■ **Given data**

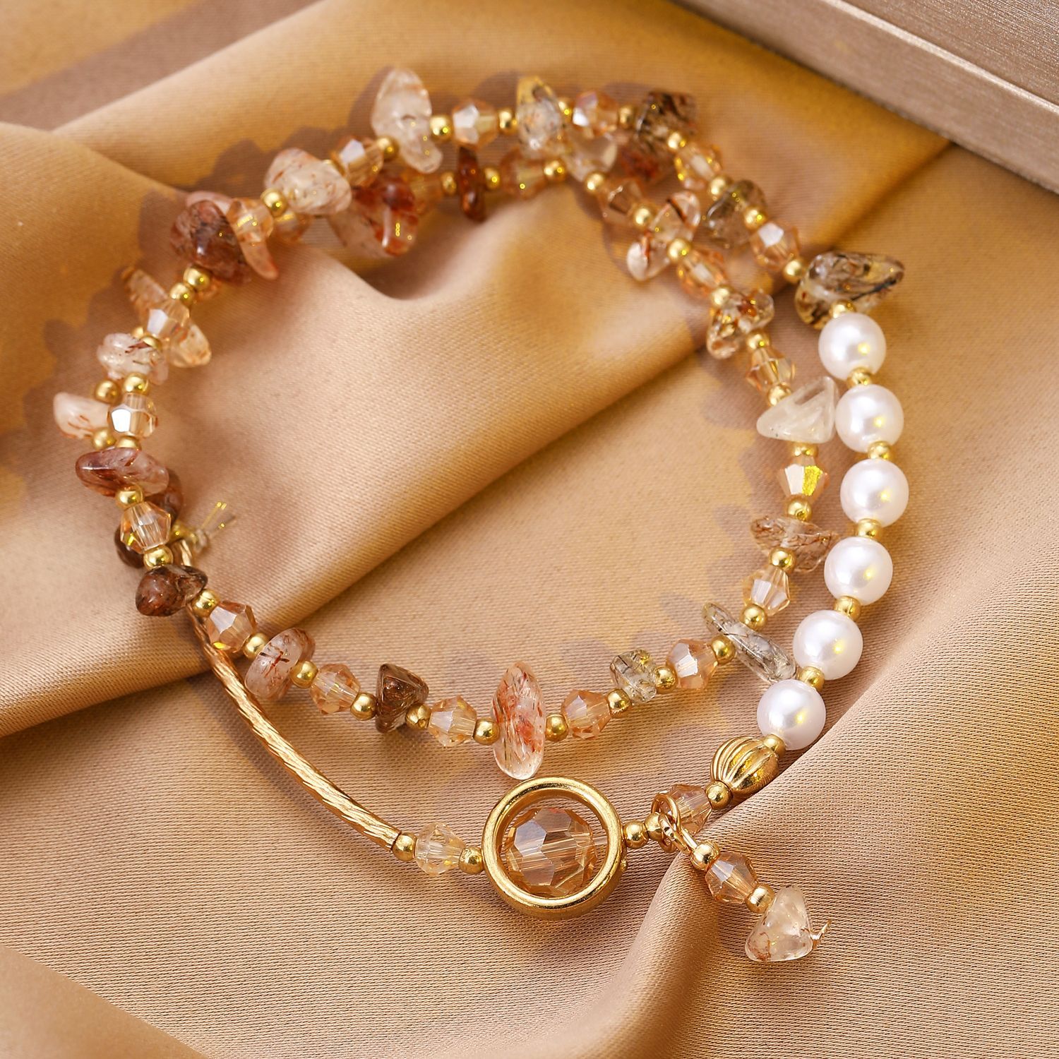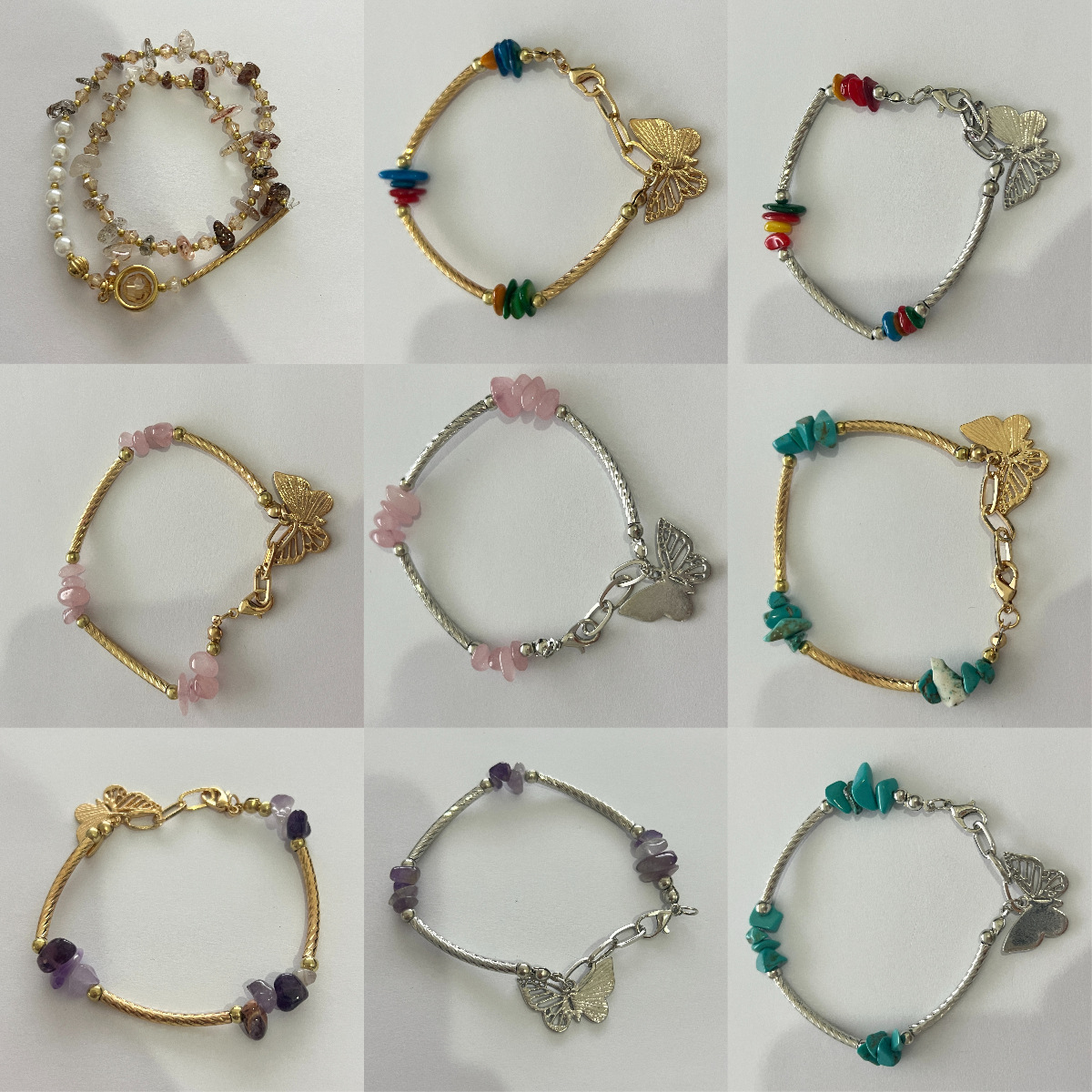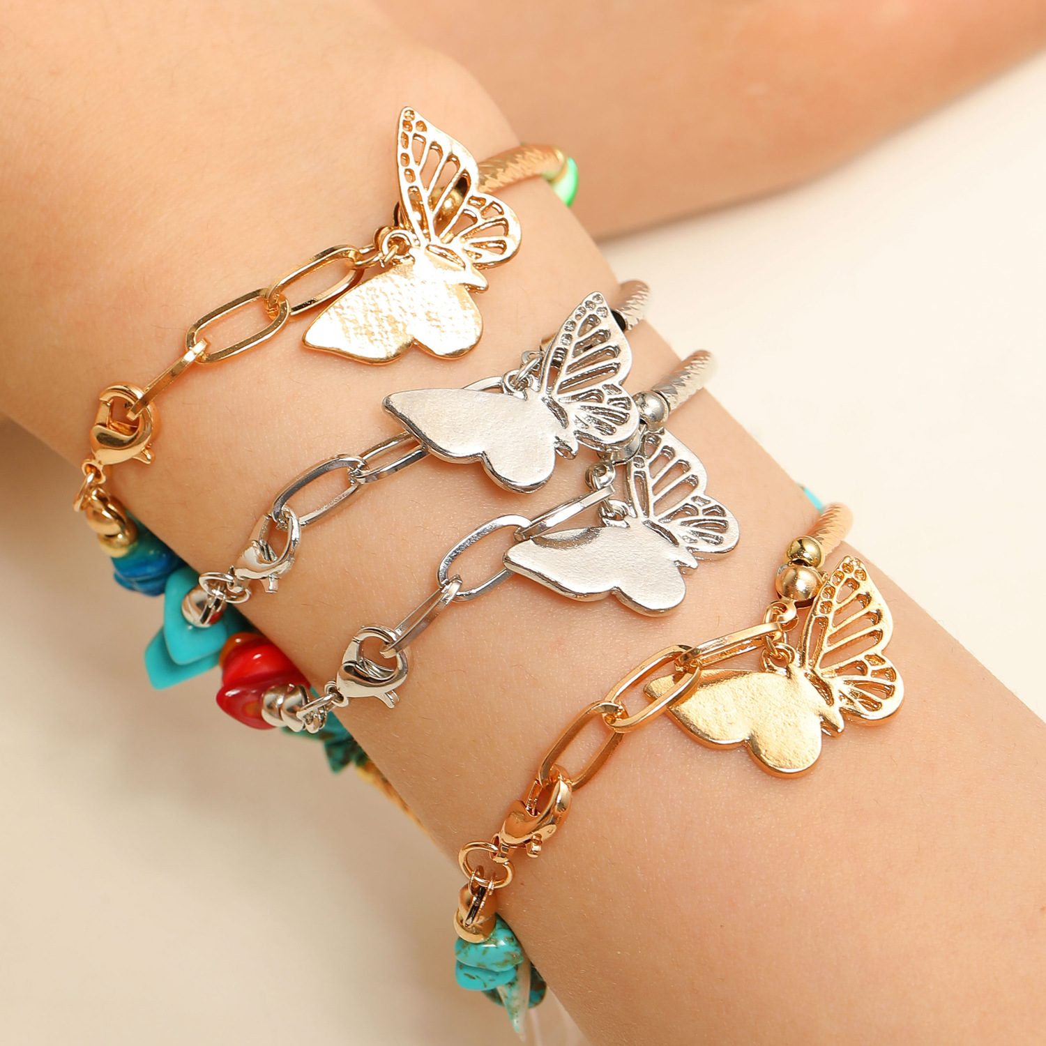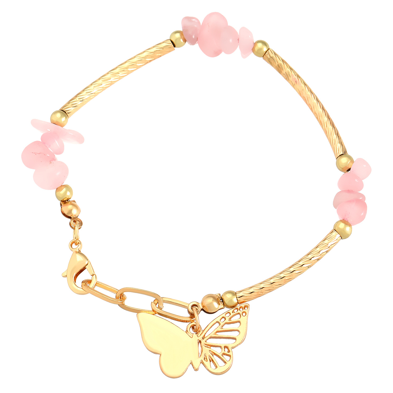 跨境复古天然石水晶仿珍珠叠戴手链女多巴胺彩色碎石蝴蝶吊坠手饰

==

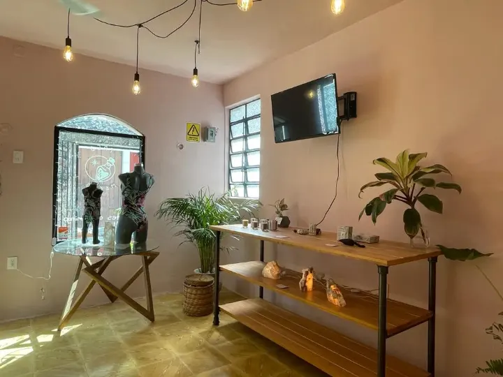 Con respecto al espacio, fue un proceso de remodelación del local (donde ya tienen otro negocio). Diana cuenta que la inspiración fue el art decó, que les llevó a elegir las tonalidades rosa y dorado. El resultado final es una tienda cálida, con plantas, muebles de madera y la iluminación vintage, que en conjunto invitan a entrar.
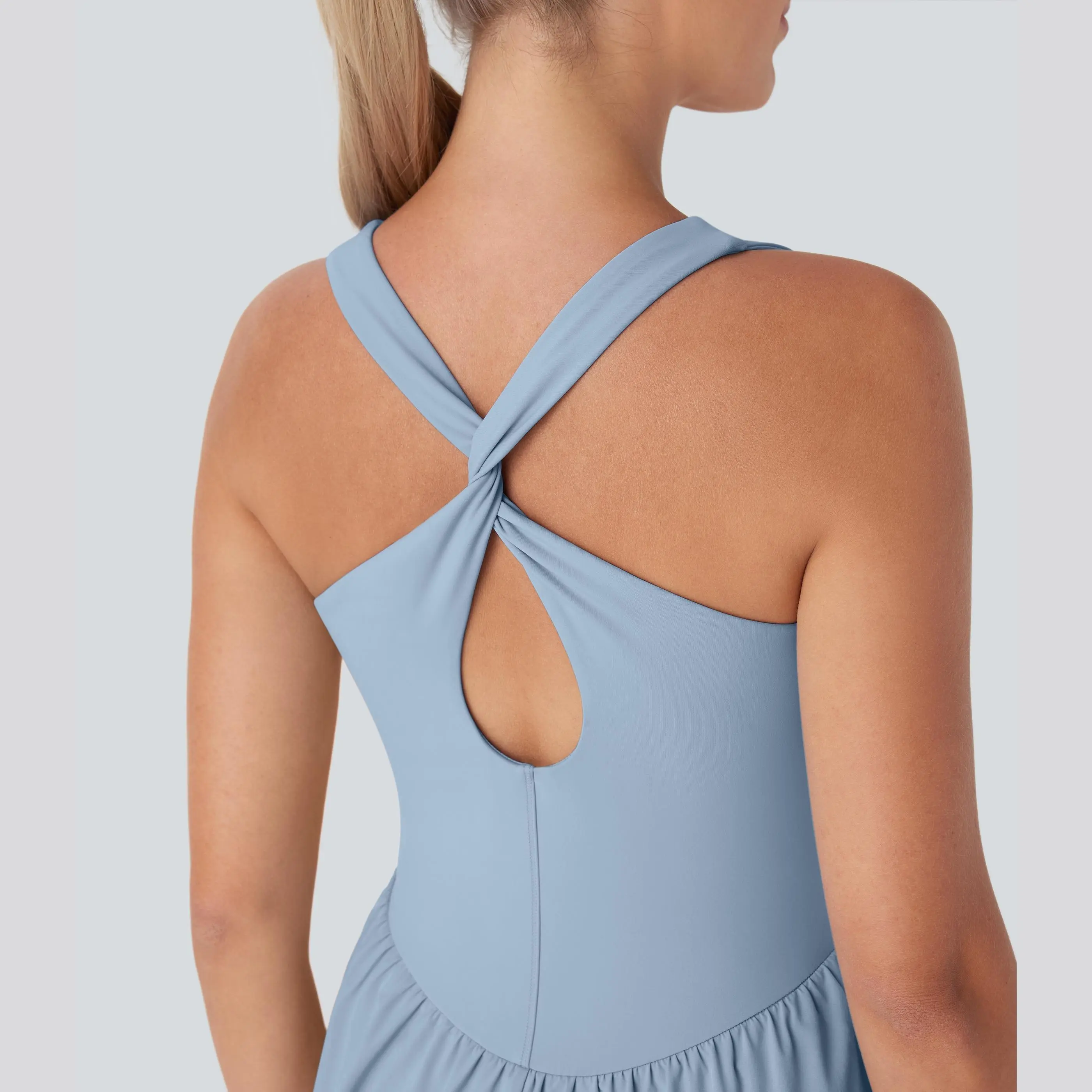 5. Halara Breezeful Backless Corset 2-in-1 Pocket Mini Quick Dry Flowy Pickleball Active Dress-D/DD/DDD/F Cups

* * *

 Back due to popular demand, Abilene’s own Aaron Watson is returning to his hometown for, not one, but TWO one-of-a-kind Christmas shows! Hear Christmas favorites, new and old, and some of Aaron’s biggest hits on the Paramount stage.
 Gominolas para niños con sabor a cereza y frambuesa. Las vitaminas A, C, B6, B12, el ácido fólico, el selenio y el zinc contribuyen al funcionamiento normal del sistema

■ **Task objective**
Write out exactly the lines that fall from the line with "Back due to" to the line with "Gominolas para niños" in the records above, keeping both ends.

■ **Answer to the problem**
 Back due to popular demand, Abilene’s own Aaron Watson is returning to his hometown for, not one, but TWO one-of-a-kind Christmas shows! Hear Christmas favorites, new and old, and some of Aaron’s biggest hits on the Paramount stage.
 Gominolas para niños con sabor a cereza y frambuesa. Las vitaminas A, C, B6, B12, el ácido fólico, el selenio y el zinc contribuyen al funcionamiento normal del sistema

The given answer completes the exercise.